# [How to complete this task]
Give back all of the data exactly, with every picture omitted.

Stored data:
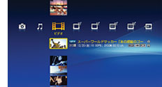 ソニー独自のGUI (グラフィカルユーザーインターフェース)、“XMB”(クロスメディアバー)により、画面上に並んだアイコンや録画されたタイトルをヨコ・タテに高速スクロール。決定ボタンで選ぶだけで、再生や選局などの操作が簡単・スピーディーに行えます。
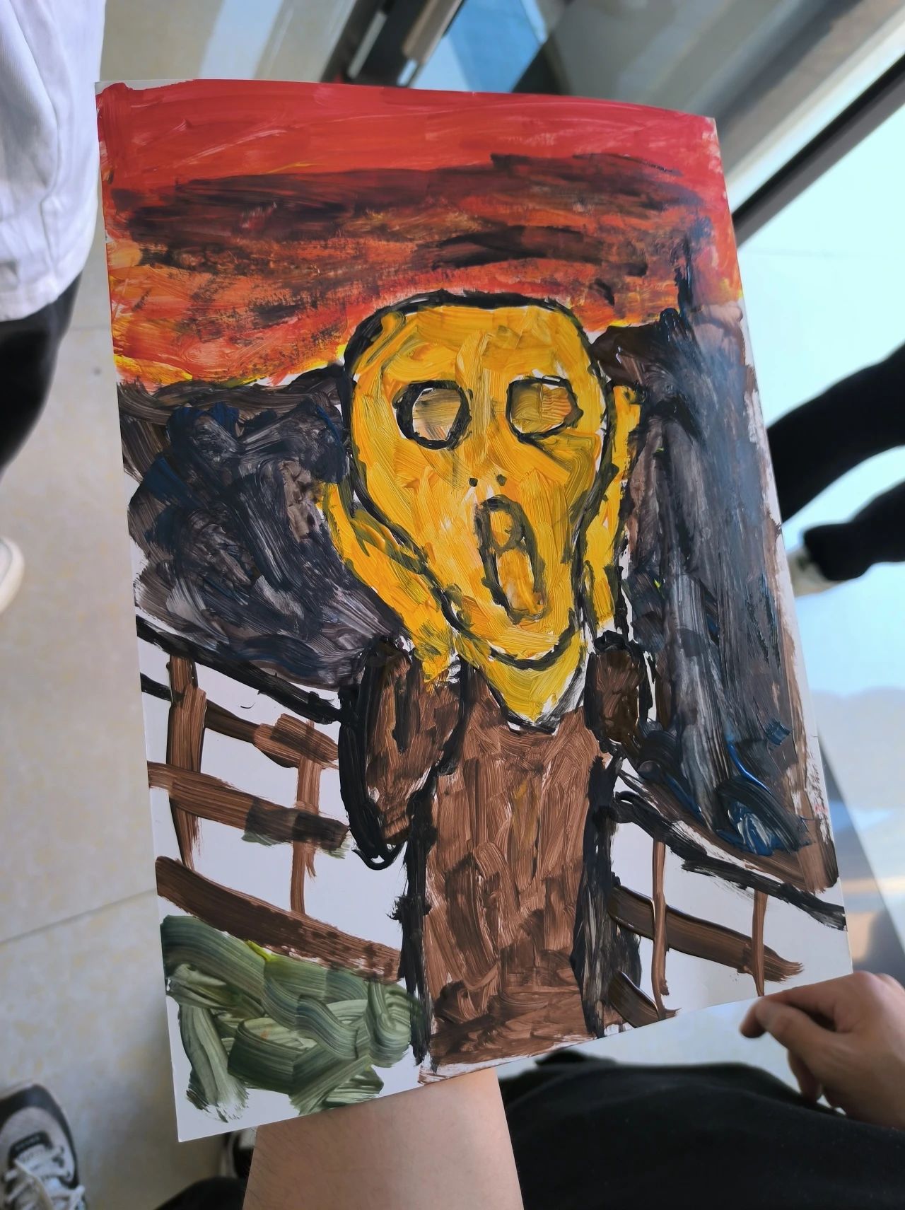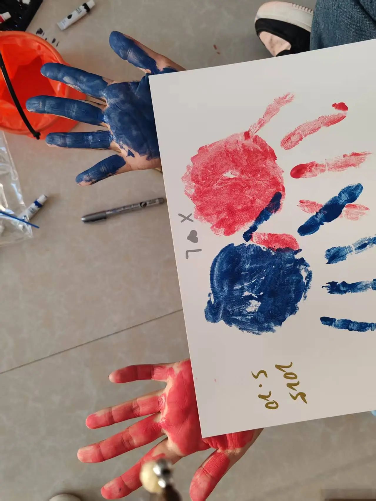 他们或使用颜料印下自己掌印,通过色彩斑斓的掌印传递出了同学们的内心的丰富多彩;或使用颜料绘出了图画,展现了同学们别具一格的创作能力;或使用颜料挥洒笔墨,留下了同学们对过去、对现在、对未来的人生寄语。
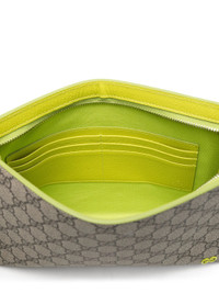 beige classic GG canvas top zip fastening internal card slots - depth: 6.0 centimetres, height: 18.0 centimetres, width: 26.0 centimetres - Color: NEUTRALS/BROWN - Made in: Bangladesh - Designer Style ID: 768255 FACQC 9742 Composition and care Outer Composition Calf Leather: 100.0%
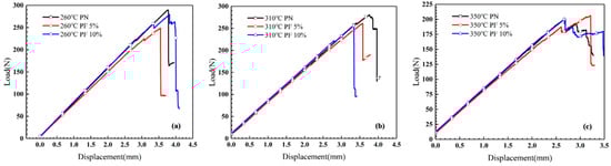 Load–displacement curves of composites bending test with different post-curing temperature and novolac mass percent: (a) 260 °C, (b) 310 °C, and (c) 350 °C.
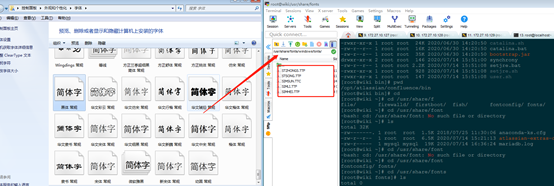 这里上传windows下的字体也是可以的,上传 C:\Windows\Fonts 目录下的文件到linux节点的目录 /usr/share/fonts/windowsfonts 下。(也可以直接上传目录,然后修改目录名即可)

# [Response below]
 ソニー独自のGUI (グラフィカルユーザーインターフェース)、“XMB”(クロスメディアバー)により、画面上に並んだアイコンや録画されたタイトルをヨコ・タテに高速スクロール。決定ボタンで選ぶだけで、再生や選局などの操作が簡単・スピーディーに行えます。
 他们或使用颜料印下自己掌印,通过色彩斑斓的掌印传递出了同学们的内心的丰富多彩;或使用颜料绘出了图画,展现了同学们别具一格的创作能力;或使用颜料挥洒笔墨,留下了同学们对过去、对现在、对未来的人生寄语。
 beige classic GG canvas top zip fastening internal card slots - depth: 6.0 centimetres, height: 18.0 centimetres, width: 26.0 centimetres - Color: NEUTRALS/BROWN - Made in: Bangladesh - Designer Style ID: 768255 FACQC 9742 Composition and care Outer Composition Calf Leather: 100.0%
 Load–displacement curves of composites bending test with different post-curing temperature and novolac mass percent: (a) 260 °C, (b) 310 °C, and (c) 350 °C.
 这里上传windows下的字体也是可以的,上传 C:\Windows\Fonts 目录下的文件到linux节点的目录 /usr/share/fonts/windowsfonts 下。(也可以直接上传目录,然后修改目录名即可)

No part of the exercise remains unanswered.